B7-1-8 Comparison Between Microwave Plasma and PI3 Nitriding of Aluminum.
F. Rossi (European Commission, Joint Research Centre, Italy); K. Spyradek Hahn (Forschung Zentrum Seibersdorf, Austria); R. Sonnleitner (Forschung Zentrum Seiberdorf, Austria)
Nitriding of Al alloys has been performed with microwave plasma and PI3. The parametric study illustrates the influence of gas composition,temperature, ion flux and energy of the impinging species. TEM study oif the nitrided layers shows the formation of AlN. The condition of formation of AlN depends strongly on temperature which imposes the diffusion of Al and N as well as resputtering of the modified layer.
B7-1-9 A Study on the Cavitation Resistance of Ion Nitrided Steel
K.C. Chen, J.H. He, W.H. Huang (Feng Chia University, Taiwan)
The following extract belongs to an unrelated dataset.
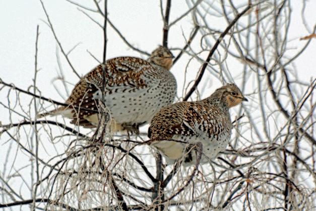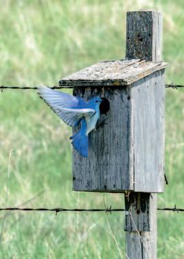 Above: Sharp-tailed grouse roost in a Russian olive tree, a common shelterbelt plant. Over the past century, landowners have planted thousands of shelterbelts that provide essential winter habitat. A mountain bluebird nests in a cavity of a dead standing tree. Snags (dead trees) are now left in some logged areas to provide habitat for cavity-dependent birds and mammals.

Cavitation is a common deterioration process of a material resulting from high-speed fluid attack. Surface treatments are usually preferably considered to promote cavitation resistance because of economic reasons and longer durability performances. The cavitation behaviours of ion nitrided carbon steel, the response of nitriding layer to various cavitation environments, in particular were studied. An ASTM G32-85 standard method was conducted to proceed cavitation test in fresh water, 3.5wt% NaCl, and 3.5wt% HCl aqueous electrolyte, respectively. Experimental results show that nitriding of steel would reduce the cavitation rate of the S48C steel in fresh water. This is due to the hard-nitrided surface that can resist mechanical damage. Electrochemical corrosion plays a part in the case of 3.5wt% NaCl and 3.5wt% HCl electrolyte. Ion nitrided specimens in the 3.5wt% NaCl electrolyte therefore show higher cavitation weight loss than that in fresh water. However, the nitriding layer decreases cavitation rate of the nitrided steel. Ion nitrided specimen in the 3.5wt% HCl electrolyte subjecting primarily for electrochemical attack to the nitriding layer shows inferior cavitation resistance than blank steel. This can be proved by the polarization test, for which the nitrided steel has higher corrosion current than blank steel. Therefore, the method of surface modification should be properly determined depending on what electrolyte would be used. Ion nitriding of carbon steel in our case is suitable for fresh water and 3.5wt% NaCl electrolyte, but not for 3.5wt% HCl electrolyte.